>>

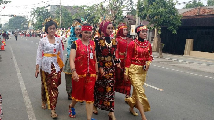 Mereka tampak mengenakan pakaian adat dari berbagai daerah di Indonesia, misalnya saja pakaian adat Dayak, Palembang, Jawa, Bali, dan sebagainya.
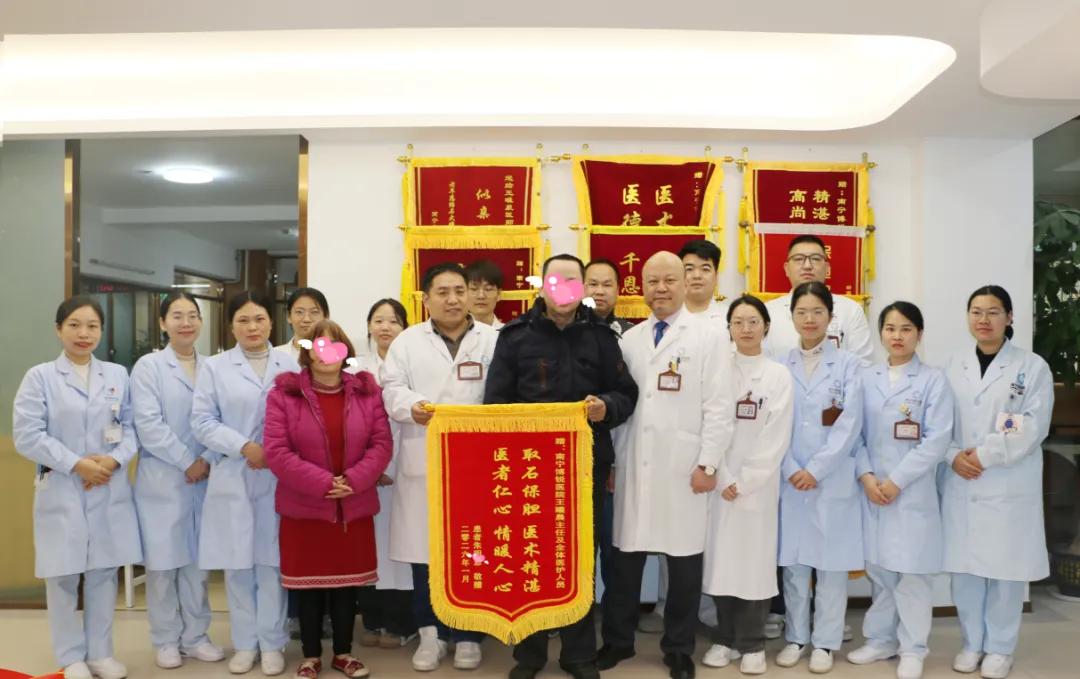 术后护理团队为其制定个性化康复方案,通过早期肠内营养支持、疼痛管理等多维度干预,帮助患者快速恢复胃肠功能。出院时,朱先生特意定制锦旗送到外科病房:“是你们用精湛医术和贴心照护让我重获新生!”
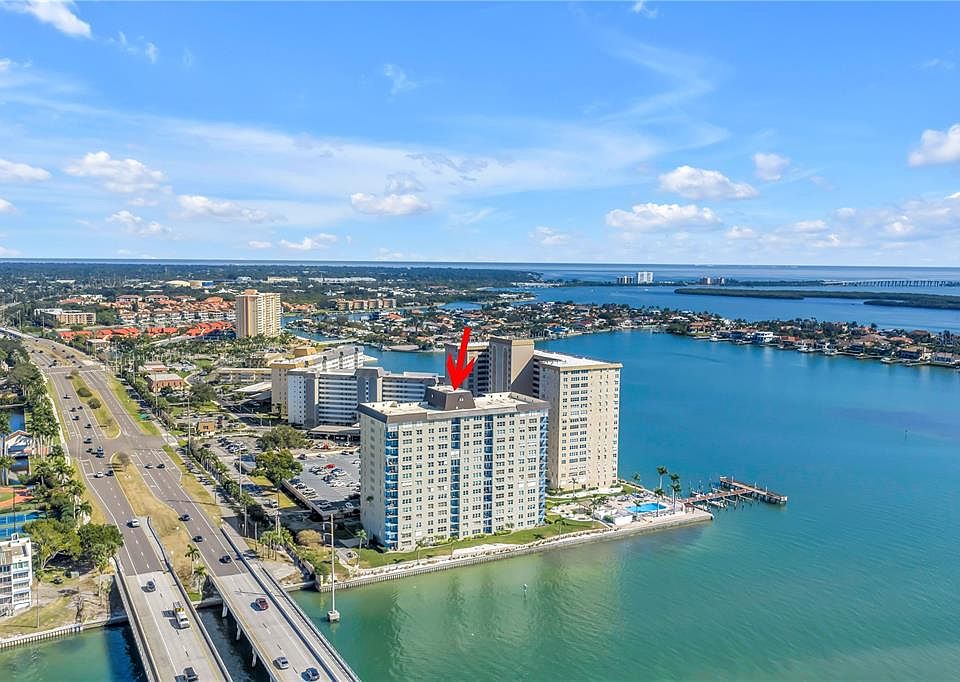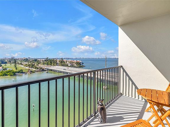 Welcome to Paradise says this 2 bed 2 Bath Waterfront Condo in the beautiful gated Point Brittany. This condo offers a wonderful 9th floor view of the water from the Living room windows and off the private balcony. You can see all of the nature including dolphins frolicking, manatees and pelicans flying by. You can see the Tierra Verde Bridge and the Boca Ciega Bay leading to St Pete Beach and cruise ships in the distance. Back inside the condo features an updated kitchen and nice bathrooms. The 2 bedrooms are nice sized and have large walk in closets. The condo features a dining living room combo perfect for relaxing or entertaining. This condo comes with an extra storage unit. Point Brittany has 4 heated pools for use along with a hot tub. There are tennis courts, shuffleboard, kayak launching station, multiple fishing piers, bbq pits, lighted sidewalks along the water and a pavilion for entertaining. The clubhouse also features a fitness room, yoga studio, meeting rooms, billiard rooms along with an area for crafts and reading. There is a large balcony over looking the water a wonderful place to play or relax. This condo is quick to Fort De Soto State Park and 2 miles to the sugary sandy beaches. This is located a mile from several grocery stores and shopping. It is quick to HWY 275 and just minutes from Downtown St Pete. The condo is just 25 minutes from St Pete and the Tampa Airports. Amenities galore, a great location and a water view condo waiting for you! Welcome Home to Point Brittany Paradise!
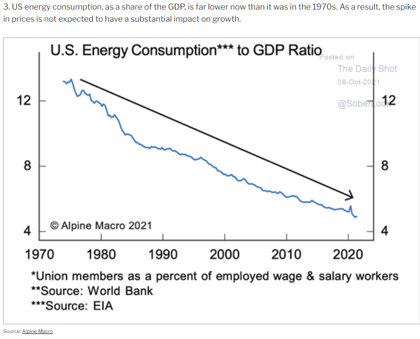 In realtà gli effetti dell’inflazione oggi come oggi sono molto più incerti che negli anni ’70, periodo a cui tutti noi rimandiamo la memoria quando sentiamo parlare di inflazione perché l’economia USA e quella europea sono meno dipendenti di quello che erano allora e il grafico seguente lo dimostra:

<<
>>

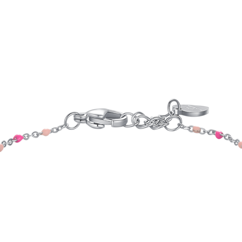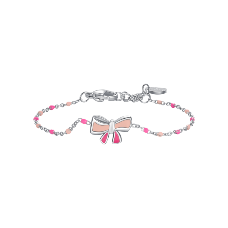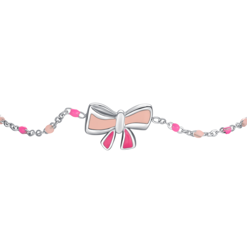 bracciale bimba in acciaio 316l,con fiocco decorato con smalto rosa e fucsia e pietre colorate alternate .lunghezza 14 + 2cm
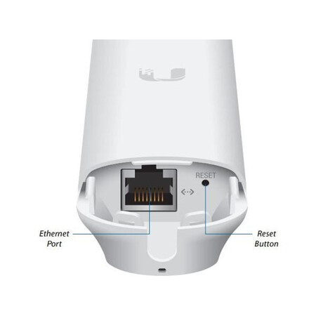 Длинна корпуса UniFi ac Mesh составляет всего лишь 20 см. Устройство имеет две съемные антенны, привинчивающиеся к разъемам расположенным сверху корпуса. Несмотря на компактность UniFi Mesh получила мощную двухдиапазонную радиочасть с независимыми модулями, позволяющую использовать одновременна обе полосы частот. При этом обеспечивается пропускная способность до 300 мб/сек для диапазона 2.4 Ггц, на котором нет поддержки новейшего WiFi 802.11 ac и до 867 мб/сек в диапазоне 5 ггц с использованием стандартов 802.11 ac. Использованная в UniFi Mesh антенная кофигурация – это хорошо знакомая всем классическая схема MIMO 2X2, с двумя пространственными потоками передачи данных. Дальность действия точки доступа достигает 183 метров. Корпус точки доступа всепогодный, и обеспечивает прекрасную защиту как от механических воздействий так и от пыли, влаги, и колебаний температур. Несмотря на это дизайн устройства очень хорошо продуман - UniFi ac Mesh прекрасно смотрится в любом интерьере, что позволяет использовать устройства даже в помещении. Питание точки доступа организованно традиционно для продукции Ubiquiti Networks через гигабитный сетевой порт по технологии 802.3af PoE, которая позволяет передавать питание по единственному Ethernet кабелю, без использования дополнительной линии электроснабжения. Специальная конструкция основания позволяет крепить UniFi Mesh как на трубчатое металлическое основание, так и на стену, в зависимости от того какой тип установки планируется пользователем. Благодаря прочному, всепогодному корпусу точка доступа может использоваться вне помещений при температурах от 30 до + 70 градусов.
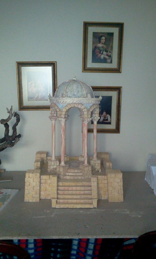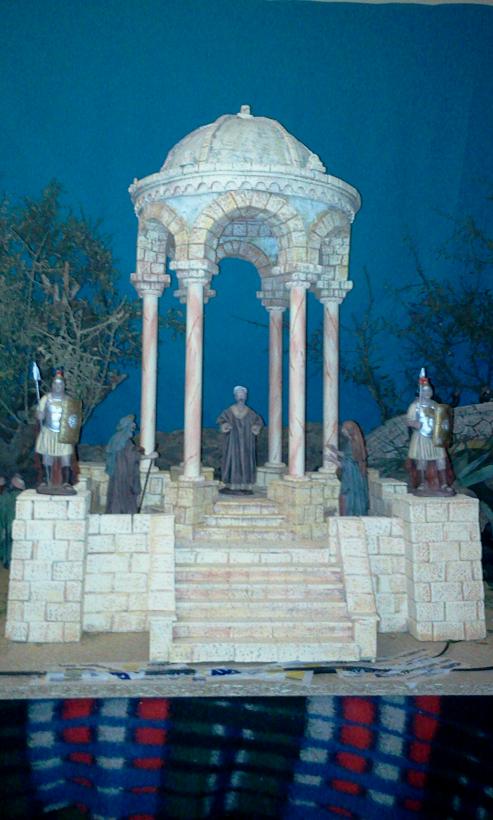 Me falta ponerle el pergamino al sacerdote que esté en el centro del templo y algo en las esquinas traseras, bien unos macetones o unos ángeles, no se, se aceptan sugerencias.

<<

WORK TO COMPLETE :: Restate the lines above from the one containing "Mereka tampak mengenakan" through the one containing "术后护理团队为其制定个性化康", inclusive, exactly and without pictures.

RESPONSE BELOW ::
 Mereka tampak mengenakan pakaian adat dari berbagai daerah di Indonesia, misalnya saja pakaian adat Dayak, Palembang, Jawa, Bali, dan sebagainya.
 术后护理团队为其制定个性化康复方案,通过早期肠内营养支持、疼痛管理等多维度干预,帮助患者快速恢复胃肠功能。出院时,朱先生特意定制锦旗送到外科病房:“是你们用精湛医术和贴心照护让我重获新生!”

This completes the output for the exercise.